Required action:
Once you find the line containing "许多小喇嘛吹着唢呐、笛子、喇", set down exactly that line and every one after it through the end of the listing below, with both ends included and any pictures omitted.

Provided data:
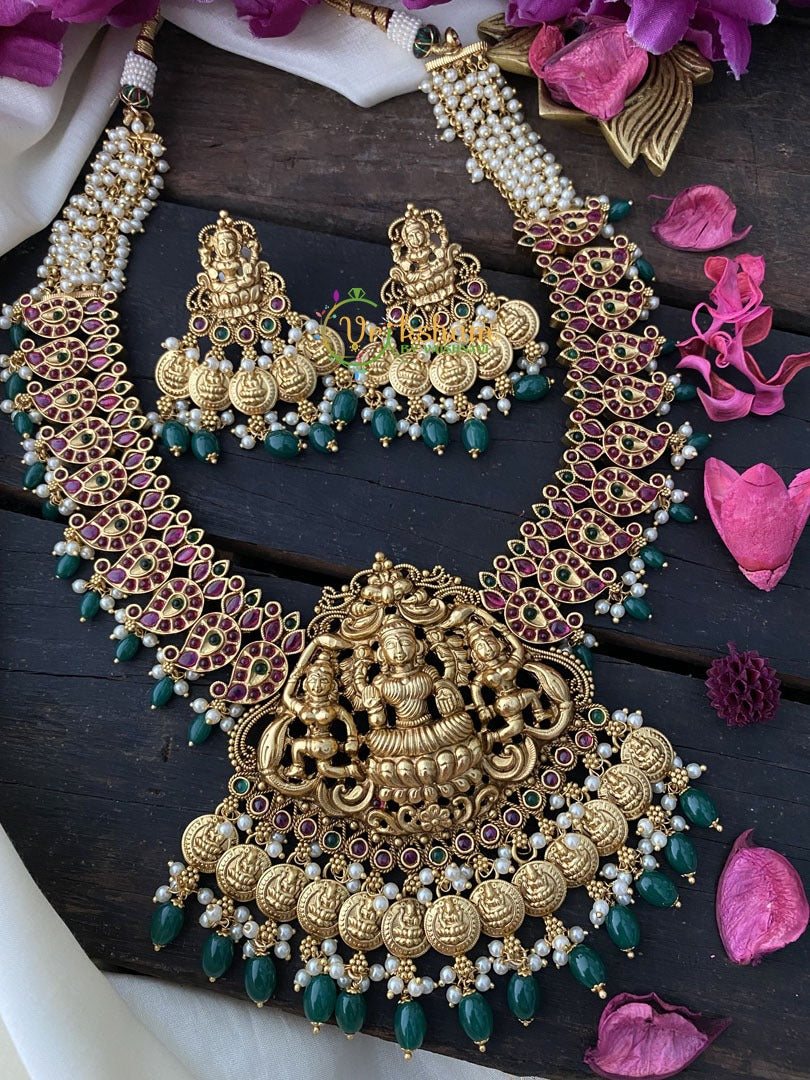 Premium Kemp Temple Lakshmi Neckpiece-centre lakshmi pendant paisley pattern arranged linearly– Temple jewelery with premium polished look. Comes with matching earrings.
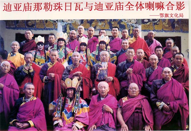 许多小喇嘛吹着唢呐、笛子、喇嘛号,请身穿法衣的念经者,从各自的殿里(达嘛是从自己的藏行,专门为女喇嘛经殿。平时达嘛是不允许进入其它经殿的)走出,打着伞大摇大摆地聚集在主殿门口。那勒珠日瓦指定穿龙花长黄袍,头戴串有象牙帽;达嘛(女喇嘛)身穿单绿色蒙古袍,头戴乌木赛日阿(五莲花帽)。他们是以一个主教徒—那勒珠日瓦和八个(一般以八个达嘛较多,也可由更多女教徒达嘛组成。他们不在主殿门口也不在主殿里边而是在主殿的二层阳台上念经。因为这种男女密宗经在鄂尔多斯地区乃至全区也除了迪亚庙外其它地方绝无仅有。所以,从阿拉善、杭锦旗、乌审旗、巴盟等周边地区赶来许多信教徒观看朝觐,热闹非凡。此密宗主要以阴阳为主题,赞美人世间的真善美,什么是善,什么是恶,宇宙为什么有天有地,人间为什么有男有女,动物为什么有公有母等一系列自然科学的常识,以教育人们要爱护自己的兄弟姐妹,尊重自己的父母亲人等内容。
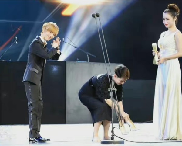 郭敬明在听到大屏幕上喊出自己名字时十分高兴,他认真的整理了西装然后缓缓走上台,正当他准备接过奖杯的那一刻,海清却突然把奖杯还给了礼仪小姐,然后直接蹲下身子把自己的高跟鞋脱了。

Solution below:
 许多小喇嘛吹着唢呐、笛子、喇嘛号,请身穿法衣的念经者,从各自的殿里(达嘛是从自己的藏行,专门为女喇嘛经殿。平时达嘛是不允许进入其它经殿的)走出,打着伞大摇大摆地聚集在主殿门口。那勒珠日瓦指定穿龙花长黄袍,头戴串有象牙帽;达嘛(女喇嘛)身穿单绿色蒙古袍,头戴乌木赛日阿(五莲花帽)。他们是以一个主教徒—那勒珠日瓦和八个(一般以八个达嘛较多,也可由更多女教徒达嘛组成。他们不在主殿门口也不在主殿里边而是在主殿的二层阳台上念经。因为这种男女密宗经在鄂尔多斯地区乃至全区也除了迪亚庙外其它地方绝无仅有。所以,从阿拉善、杭锦旗、乌审旗、巴盟等周边地区赶来许多信教徒观看朝觐,热闹非凡。此密宗主要以阴阳为主题,赞美人世间的真善美,什么是善,什么是恶,宇宙为什么有天有地,人间为什么有男有女,动物为什么有公有母等一系列自然科学的常识,以教育人们要爱护自己的兄弟姐妹,尊重自己的父母亲人等内容。
 郭敬明在听到大屏幕上喊出自己名字时十分高兴,他认真的整理了西装然后缓缓走上台,正当他准备接过奖杯的那一刻,海清却突然把奖杯还给了礼仪小姐,然后直接蹲下身子把自己的高跟鞋脱了。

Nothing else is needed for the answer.